The Financial Times concluded that once upon a time Morgan Stanley, one of the original “wall street refiners” was one of the largest shippers of fuel oil to New York Harbour. Deutsche Bank held enough aluminum to build 30,000 jumbo jets, BoA-ML leased around 16 billion cubic feet of natural gas storage in the United States while JPMorgan helped ship Brazilian sugar to buyers around the world. The world of physical commodities was one that the big banks adored and the race for dominance was underway. JP Morgan and Morgan Stanley led the charge with reactionary investments from Goldman and many others. Enter the global financial crisis. The banking commodity honeymoon came to a screeching end but subsequently opened an entirely new opportunity for the versatile commodity trader. The “Credit Tree” was formed and privately-owned commodity firms with healthy balance sheets were ripe for success. Fast forward to 2018 and the top 5 trading giants have morphed into quasi banks with clear dominance across the commodity food chain.
Driven by policy and regulatory concerns such as Dodd-Frank and The Basel Accords, restrictions on proprietary trading has forced most banks to curb their exposure to the physical commodity business and downscale their commodity related trade finance divisions as well. Coupled with working capital constraints, weak commodity prices, a shaky global economy and compliance risks only validated corporate boards decisions to de-risk themselves from this perceived minefield. In a nutshell, it just wasn’t worth it anymore as revenues paled in comparison to other revenue streams. At its peak in 2008, it is estimated that the top 10 banks in commodities earned revenues of circa $14bn while last year figures place estimates at below $4.5bn.
However not all institutions necessarily eliminated their exposure to physical commodities. Certain institutions
chose to rather place themselves in a comfortable low risk and calculated lazy-boy seat. That calculated risk was
defined as financing the giants of the trading world that had trade volume, a well-defined compliance processes
and cash.
While most of the banks retreated, Macquarie and Goldman Sachs snatched up market share over the years by acquiring divisions of Koch, Cargill and others while remaining until now active institutional players in nichephysical commodities.
To run a physical commodity desk, the banks needed an arsenal of compliance and risk departments which became a
serious burden. This created the ultimate vacuum for traders to become cash rich and sit atop the credit tree.

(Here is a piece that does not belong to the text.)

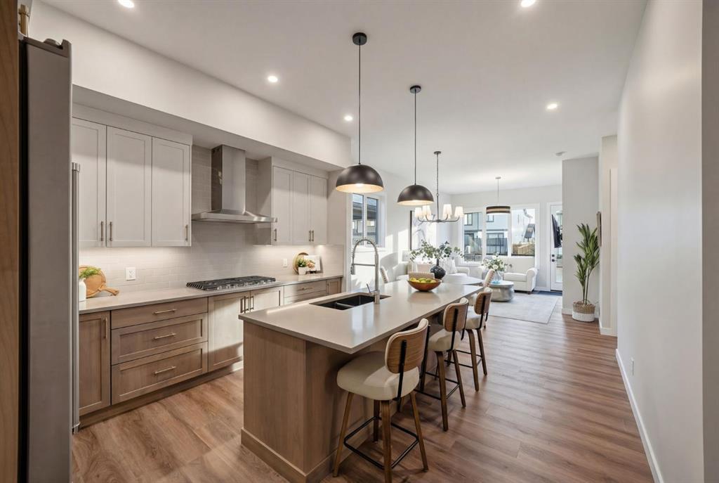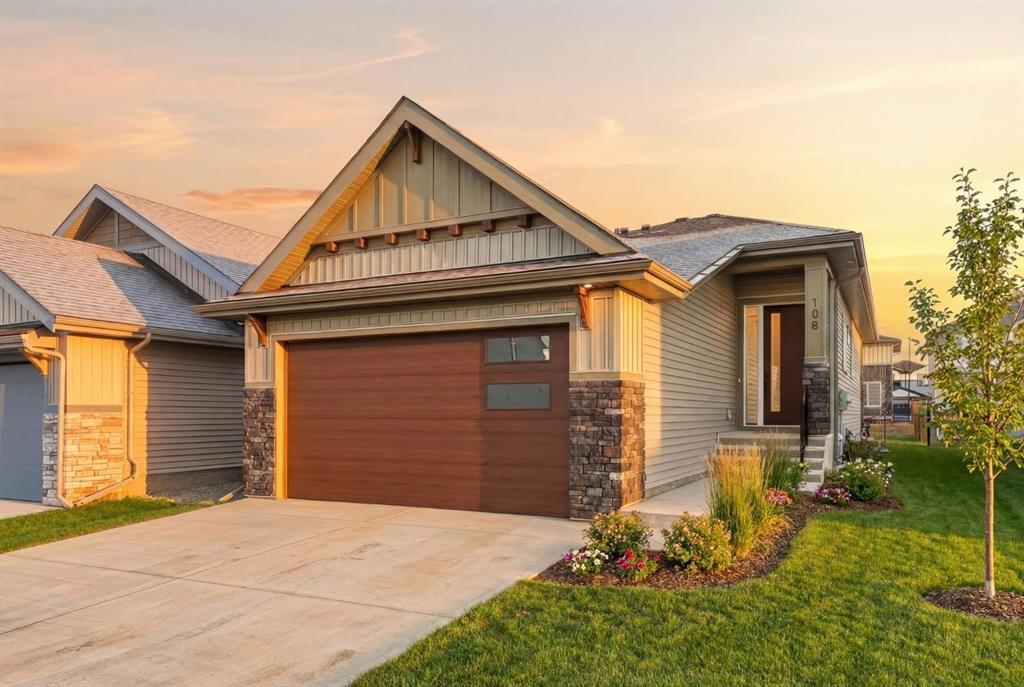 Incredible newly built bungalow by award-winning builder Renova Homes, offering refined craftsmanship, upscale finishes, and the ease of luxury single-level living in the highly sought-after community of Greystone! Backing a walking pathway and just minutes from all shopping amenities, the Spray Lakes Recreation Centre, and the Bow River, this prime central Cochrane location offers the perfect balance of convenience and lifestyle. Designed with discerning buyers in mind, the main floor features 10’ ceilings, oversized 8’ interior doors, sleek black matte finishes, upgraded lighting, and luxury vinyl plank flooring throughout the main floor. The chef-inspired kitchen is both elegant and functional, showcasing a premium KitchenAid built-in appliance package with 36\" gas range & 36 \" ceiling hood fan, quartz countertops, oversized island, 42” upper cabinetry, extended tile backsplash, and LED under-cabinet lighting—ideal for hosting or enjoying evenings at home. The open-concept dining and living areas are bright and inviting, centered by an electric fireplace and framed by large windows. Step outside to the full-width rear deck, with stairs to grade and a gas line for BBQ—perfect for effortless entertaining. The primary suite is a private retreat, complete with a spacious walk-in closet with built-ins and a spa-inspired ensuite featuring dual sinks, quartz countertops, soaker tub, and a beautifully tiled glass shower with upgraded 12” x 24” tile flooring and shower walls and a tiled shower niche-Thoughtful details include a timer exhaust fan and elegant wood-front medicine cabinet. A second main-floor bedroom or office provides flexibility for guests or working from home, while the well-appointed mudroom includes laundry with rough-in for a sink and space for future cabinetry, plus a convenient pass-through pantry with wood shelving. The fully developed basement expands your living space without compromise, offering a large recreation area with wet bar rough-in and dedicated electrical circuits, two additional bedrooms, and a full bathroom—ideal for visiting family or extended stays. Enhanced garage space with a 2’ extension and upgraded pre-finished door with windows and opener. Homes of this caliber and location don’t come along often! Notable upgrades include: central air conditioning, Roxul sound insulation between the living room and primary bedroom, powder room vanity with quartz countertops, upgraded light fixtures and high-end ceiling fans in all four bedrooms with added structural support, additional basement windows and enlarged office window, comfort-height toilets, HDMI conduit in the primary bedroom, living room & basement, eave plug with interior switch for seasonal lighting, and conduit for future fireplace media. Enjoy the benefits of new construction without the delay—move-in ready and fully protected under Alberta New Home Warranty. Experience elevated bungalow living in the heart of Cochrane—book your private showing today!

Traders started thinking like bankers and focused on activities such as governance, compliance and risk. To gain the trust of banks, heavy investments were made in AML/KYC processes, corporate policies and hired the associated arsenal of staff to manage these requirements. Traders simplified the on-boarding process compared to the traditional, red tape heavy banking approach.
Centralizing the lending practice to the large traders became a clear strategy for the banks and gave them far
more comfort with regards to their exposure. Not to say this is became the rule of thumb for all but banks would
scrutinize secondary market participants by forcing collateral, back to back counterparty terms, insurability
and an extremely healthy balance sheet.
Over time the same traders accrued cash-rich positions which provided the luxury of internal financing schemes.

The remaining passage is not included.